(Study material begins)

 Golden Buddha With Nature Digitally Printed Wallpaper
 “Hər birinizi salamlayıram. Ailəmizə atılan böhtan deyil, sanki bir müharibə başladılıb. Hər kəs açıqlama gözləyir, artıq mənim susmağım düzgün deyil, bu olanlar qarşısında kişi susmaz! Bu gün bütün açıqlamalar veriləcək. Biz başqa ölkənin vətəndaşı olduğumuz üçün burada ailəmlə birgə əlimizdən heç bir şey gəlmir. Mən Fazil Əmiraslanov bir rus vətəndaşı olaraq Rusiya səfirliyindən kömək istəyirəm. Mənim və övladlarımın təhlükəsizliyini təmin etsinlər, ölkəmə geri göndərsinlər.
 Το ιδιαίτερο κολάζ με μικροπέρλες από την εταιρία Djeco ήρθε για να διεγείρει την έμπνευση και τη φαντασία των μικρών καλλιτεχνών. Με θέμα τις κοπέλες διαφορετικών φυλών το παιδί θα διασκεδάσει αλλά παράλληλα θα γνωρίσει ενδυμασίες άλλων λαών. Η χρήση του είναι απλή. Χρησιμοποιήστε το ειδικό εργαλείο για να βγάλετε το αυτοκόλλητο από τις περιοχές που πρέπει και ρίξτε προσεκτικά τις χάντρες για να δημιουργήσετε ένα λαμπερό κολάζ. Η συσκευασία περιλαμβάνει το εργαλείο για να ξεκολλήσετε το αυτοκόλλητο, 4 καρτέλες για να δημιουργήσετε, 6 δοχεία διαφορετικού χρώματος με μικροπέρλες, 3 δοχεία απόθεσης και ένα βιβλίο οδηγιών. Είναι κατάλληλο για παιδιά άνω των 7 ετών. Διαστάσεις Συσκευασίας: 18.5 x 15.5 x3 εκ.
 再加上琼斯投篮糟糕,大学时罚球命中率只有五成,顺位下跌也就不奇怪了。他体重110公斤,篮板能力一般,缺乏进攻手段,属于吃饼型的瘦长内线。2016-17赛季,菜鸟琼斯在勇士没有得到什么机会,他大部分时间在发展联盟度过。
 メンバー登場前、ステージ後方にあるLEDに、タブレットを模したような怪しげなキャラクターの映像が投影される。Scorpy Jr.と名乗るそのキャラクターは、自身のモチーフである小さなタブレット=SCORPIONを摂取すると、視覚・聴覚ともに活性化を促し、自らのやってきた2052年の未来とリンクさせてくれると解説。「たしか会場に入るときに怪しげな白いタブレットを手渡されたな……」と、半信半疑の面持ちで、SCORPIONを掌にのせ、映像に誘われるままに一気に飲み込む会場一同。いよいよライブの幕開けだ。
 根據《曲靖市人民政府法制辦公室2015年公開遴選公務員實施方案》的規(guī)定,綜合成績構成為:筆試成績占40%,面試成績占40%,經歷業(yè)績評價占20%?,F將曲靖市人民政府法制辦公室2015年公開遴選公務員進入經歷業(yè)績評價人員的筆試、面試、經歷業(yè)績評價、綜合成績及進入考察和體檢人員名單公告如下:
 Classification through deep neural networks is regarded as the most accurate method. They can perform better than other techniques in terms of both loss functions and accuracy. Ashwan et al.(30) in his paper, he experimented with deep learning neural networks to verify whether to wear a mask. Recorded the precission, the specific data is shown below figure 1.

(Study material ends)
(Study material begins)

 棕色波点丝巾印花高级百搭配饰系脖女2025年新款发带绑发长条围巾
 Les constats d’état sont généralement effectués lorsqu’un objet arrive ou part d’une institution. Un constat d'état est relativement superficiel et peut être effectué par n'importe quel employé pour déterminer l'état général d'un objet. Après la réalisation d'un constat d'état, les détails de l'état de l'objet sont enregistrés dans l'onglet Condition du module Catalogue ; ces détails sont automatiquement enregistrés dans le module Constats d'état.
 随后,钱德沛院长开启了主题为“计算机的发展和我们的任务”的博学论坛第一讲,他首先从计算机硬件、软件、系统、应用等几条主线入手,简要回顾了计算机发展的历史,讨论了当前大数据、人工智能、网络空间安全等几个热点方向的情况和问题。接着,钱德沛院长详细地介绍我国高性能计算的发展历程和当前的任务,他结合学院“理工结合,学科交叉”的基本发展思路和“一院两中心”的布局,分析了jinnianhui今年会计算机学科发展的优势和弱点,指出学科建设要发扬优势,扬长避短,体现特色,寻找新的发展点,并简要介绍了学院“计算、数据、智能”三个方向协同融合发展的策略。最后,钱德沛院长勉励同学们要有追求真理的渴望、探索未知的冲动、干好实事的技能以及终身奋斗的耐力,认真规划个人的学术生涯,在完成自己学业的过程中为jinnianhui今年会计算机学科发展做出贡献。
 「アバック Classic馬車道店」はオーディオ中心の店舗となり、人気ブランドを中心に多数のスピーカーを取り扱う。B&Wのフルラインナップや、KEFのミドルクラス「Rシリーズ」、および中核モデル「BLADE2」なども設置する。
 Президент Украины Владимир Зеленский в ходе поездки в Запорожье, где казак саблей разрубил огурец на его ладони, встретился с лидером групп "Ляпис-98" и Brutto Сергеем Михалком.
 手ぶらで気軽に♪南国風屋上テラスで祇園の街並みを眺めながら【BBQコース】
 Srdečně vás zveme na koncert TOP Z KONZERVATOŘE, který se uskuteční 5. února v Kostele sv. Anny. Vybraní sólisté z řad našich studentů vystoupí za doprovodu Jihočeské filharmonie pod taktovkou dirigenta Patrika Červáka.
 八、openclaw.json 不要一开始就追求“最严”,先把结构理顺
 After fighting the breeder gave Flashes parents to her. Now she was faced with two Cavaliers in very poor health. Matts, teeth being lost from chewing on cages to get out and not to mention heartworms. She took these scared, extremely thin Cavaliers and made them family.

(Study material ends)

▶ [Your task]
Take the entries above and return only the lines from the one with "Golden Buddha With" to the one with "根據《曲靖市人民政府法制辦公", both included, unchanged.

▶ [Answer for this exercise]
 Golden Buddha With Nature Digitally Printed Wallpaper
 “Hər birinizi salamlayıram. Ailəmizə atılan böhtan deyil, sanki bir müharibə başladılıb. Hər kəs açıqlama gözləyir, artıq mənim susmağım düzgün deyil, bu olanlar qarşısında kişi susmaz! Bu gün bütün açıqlamalar veriləcək. Biz başqa ölkənin vətəndaşı olduğumuz üçün burada ailəmlə birgə əlimizdən heç bir şey gəlmir. Mən Fazil Əmiraslanov bir rus vətəndaşı olaraq Rusiya səfirliyindən kömək istəyirəm. Mənim və övladlarımın təhlükəsizliyini təmin etsinlər, ölkəmə geri göndərsinlər.
 Το ιδιαίτερο κολάζ με μικροπέρλες από την εταιρία Djeco ήρθε για να διεγείρει την έμπνευση και τη φαντασία των μικρών καλλιτεχνών. Με θέμα τις κοπέλες διαφορετικών φυλών το παιδί θα διασκεδάσει αλλά παράλληλα θα γνωρίσει ενδυμασίες άλλων λαών. Η χρήση του είναι απλή. Χρησιμοποιήστε το ειδικό εργαλείο για να βγάλετε το αυτοκόλλητο από τις περιοχές που πρέπει και ρίξτε προσεκτικά τις χάντρες για να δημιουργήσετε ένα λαμπερό κολάζ. Η συσκευασία περιλαμβάνει το εργαλείο για να ξεκολλήσετε το αυτοκόλλητο, 4 καρτέλες για να δημιουργήσετε, 6 δοχεία διαφορετικού χρώματος με μικροπέρλες, 3 δοχεία απόθεσης και ένα βιβλίο οδηγιών. Είναι κατάλληλο για παιδιά άνω των 7 ετών. Διαστάσεις Συσκευασίας: 18.5 x 15.5 x3 εκ.
 再加上琼斯投篮糟糕,大学时罚球命中率只有五成,顺位下跌也就不奇怪了。他体重110公斤,篮板能力一般,缺乏进攻手段,属于吃饼型的瘦长内线。2016-17赛季,菜鸟琼斯在勇士没有得到什么机会,他大部分时间在发展联盟度过。
 メンバー登場前、ステージ後方にあるLEDに、タブレットを模したような怪しげなキャラクターの映像が投影される。Scorpy Jr.と名乗るそのキャラクターは、自身のモチーフである小さなタブレット=SCORPIONを摂取すると、視覚・聴覚ともに活性化を促し、自らのやってきた2052年の未来とリンクさせてくれると解説。「たしか会場に入るときに怪しげな白いタブレットを手渡されたな……」と、半信半疑の面持ちで、SCORPIONを掌にのせ、映像に誘われるままに一気に飲み込む会場一同。いよいよライブの幕開けだ。
 根據《曲靖市人民政府法制辦公室2015年公開遴選公務員實施方案》的規(guī)定,綜合成績構成為:筆試成績占40%,面試成績占40%,經歷業(yè)績評價占20%?,F將曲靖市人民政府法制辦公室2015年公開遴選公務員進入經歷業(yè)績評價人員的筆試、面試、經歷業(yè)績評價、綜合成績及進入考察和體檢人員名單公告如下:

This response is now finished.